For Peggy Namadi Saka, meaningful development begins when the most marginalized are empowered to speak and listened to. As Program Lead at the Kenya Alliance for Advancement of Children (KAACR), she has spent more than a decade working to ensure that children and young women are not just represented in policy conversations but also are actively shaping them.

Tree Planting

In 2017, Peggy was awarded the Katherine Fleming International Development Award, administered by Coady Institute, for her longstanding commitment to grassroots advocacy and citizen-led change. Through the award she was able to attend Coady’s Diploma in Development Leadership program.

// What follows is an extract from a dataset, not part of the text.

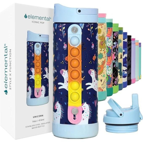Iconic 兒童水瓶 附吸管蓋 & 緩解壓力 Pop It 手把 (約 396.9 毫升) - 獨角獸

Later Peggy also completed courses in Advancing Women’s Leadership in Conflict Transformation and Peacebuilding for Community Development (2018), while continuing to deepen and scale her work across Kenya.

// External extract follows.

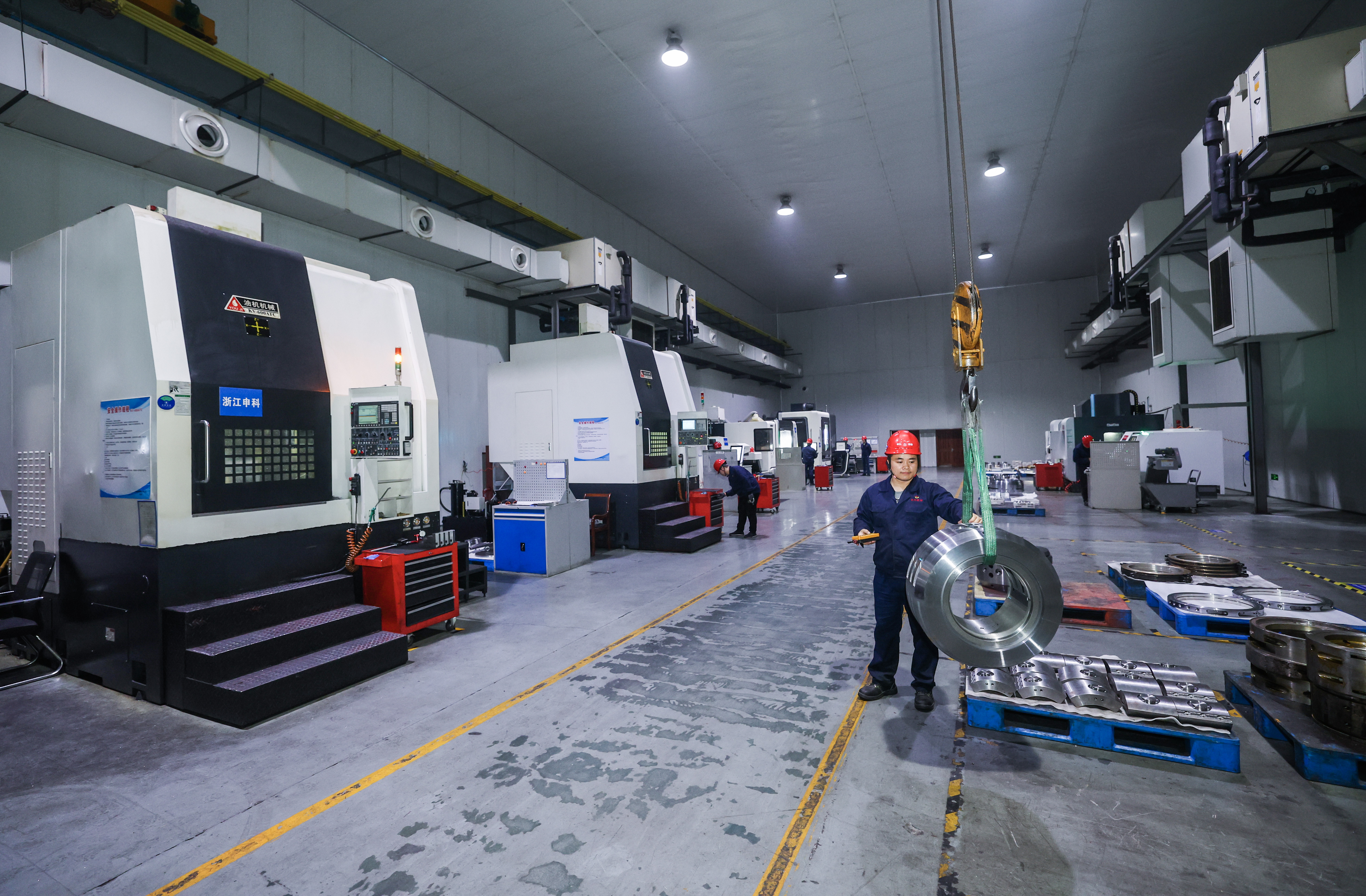 2026年1月20日,在浙江省诸暨市璜山镇的申科滑动轴承股份有限公司轴承智能车间内,自动化设备在加工轴承。(新华社)

“The Katherine Fleming Award came at a time when we were rethinking our strategy, and it allowed me to reflect on our advocacy and movement-building approaches,” Peggy says. “It gave us the space to document, learn, and share more broadly.”

Outreach session with girls and young women

KAACR’s approach is participatory and systemic. The organization supports the development of child-led spaces, such as youth parliaments and community audits, where children can analyze county budgets and advocate for services that respond to their realities.  

“Children analyze budgets in their own communities comparing what was allocated versus what was delivered,” Peggy says explaining how that kind of engagement shifts the power dynamic. They engage officials directly with their findings.” 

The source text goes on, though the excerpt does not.